Class II (DNA-only) transposons move by cut-and-paste: a transposase enzyme excises the element from one site and inserts it into another. The donor site is left empty (often repaired by NHEJ, sometimes restoring a copy via gap repair). Class I (retrotransposons) move by copy-and-paste: the element is transcribed into RNA, reverse-transcribed into cDNA, and integrated into a new genomic site. The donor stays intact, so element copy number grows. Class I dominates mammalian genomes; Class II dominates many bacteria and plants.
What's the DDE motif and why does it matter?
DDE is a conserved aspartate-aspartate-glutamate triad in the catalytic domain of most Class II transposases (Tn5, Mu, Tc1/mariner, IS3 family) and also of retroviral and LTR-retrotransposon integrases. The three carboxylates coordinate two divalent metal ions (Mg²⁺ or Mn²⁺) that catalyze phosphodiester strand transfer — the same chemistry HIV integrase uses, which is why integrase inhibitors like raltegravir target the DDE site. The motif is one of the most ancient and conserved enzymatic signatures in biology.
Why do Alu elements exist in such huge numbers?
Alu is a ~300 bp SINE derived from the 7SL signal-recognition-particle RNA gene. There are ~1.1 million Alu copies in the human genome — ~11% of total DNA. Alu elements are non-autonomous: they don't encode a reverse transcriptase, but hijack the L1 (LINE-1) machinery to retrotranspose. Their compact size, internal RNA polymerase III promoter, and parasitism of L1 made them spectacularly successful — the most numerous mobile DNA in the human genome.
How do transposons spread antibiotic resistance?

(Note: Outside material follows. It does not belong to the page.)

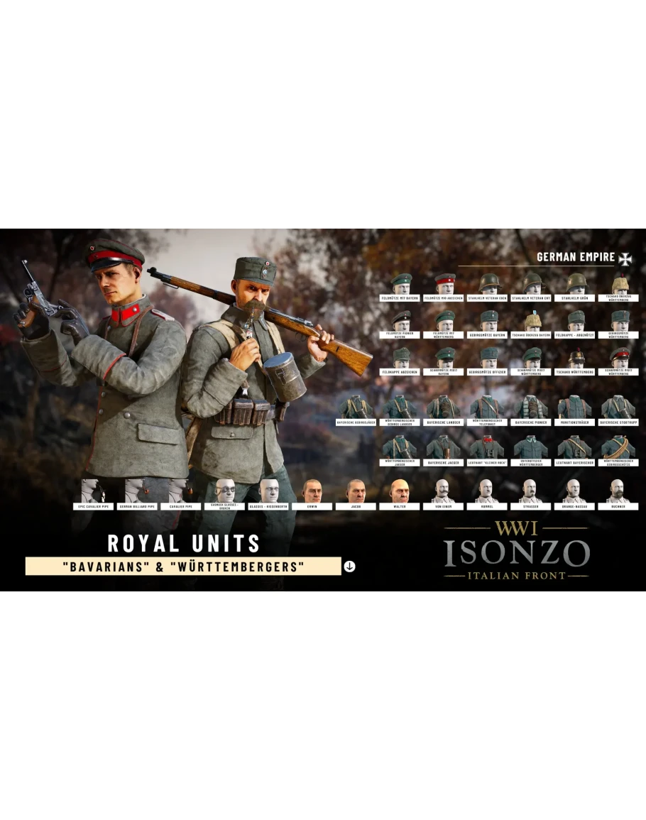 Набор Royal Units расширяет немецкую коалицию, предлагая отличительные униформы 2 главных земель Германского рейха: Баварии и Вюртемберга. В него входит 2 комплекта униформ для всех классов военных, а также специальная офицерская униформа.
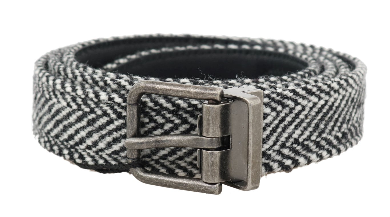 Schwarzer weißer Chevron-Woll-Ledergürtel

Bacterial transposons like Tn3, Tn21, Tn1546 carry resistance genes (β-lactamase, aminoglycoside acetyltransferase, vancomycin resistance vanA) flanked by inverted repeats and a transposase. They jump readily from chromosome to plasmid and back; conjugative plasmids then ferry the transposon between species. Composite transposons (two IS elements bracketing any cargo gene) can pick up new resistance genes and disseminate them across genera. The global rise of MRSA, VRE, and ESBL-producing Enterobacteriaceae is driven by transposon-mediated horizontal transfer.
Are transposons junk DNA or functional?
Both. Most copies are inactive remnants — accumulated mutations have abolished transposase or reverse transcriptase activity. But functional roles have emerged: V(D)J recombination uses RAG1/2 (domesticated transposase) to assemble immunoglobulin genes; placental syncytin genes derive from retroviral env; thousands of transposon-derived sequences serve as enhancers, promoters, or boundary elements. The textbook label 'junk DNA' has retreated as ENCODE and comparative genomics revealed regulatory roles.
How do cells defend against transposons?
Multiple layers. DNA methylation silences transposon promoters in differentiated cells. The piRNA pathway in germ cells uses ~24-32 nt small RNAs and PIWI Argonaute proteins to recognize and degrade transposon transcripts. APOBEC3 cytidine deaminases hypermutate retroviral and L1 cDNA before integration. KRAB zinc-finger proteins recruit TRIM28 and SETDB1 to deposit H3K9me3 heterochromatin on transposons. Loss of any layer can reactivate transposition — implicated in aging, cancer, and neurological disease.
Who discovered transposons?
Barbara McClintock, working on maize at Cold Spring Harbor in the 1940s. She noticed that color patches on kernels followed non-Mendelian inheritance and proposed mobile 'controlling elements' (Ac/Ds) that broke chromosomes and altered gene expression. The community largely ignored her work for two decades — mobile genes contradicted the static chromosome dogma. Bacterial transposons were discovered in the 1960s, retrotransposons in the 1970s, and McClintock finally received the Nobel Prize in 1983.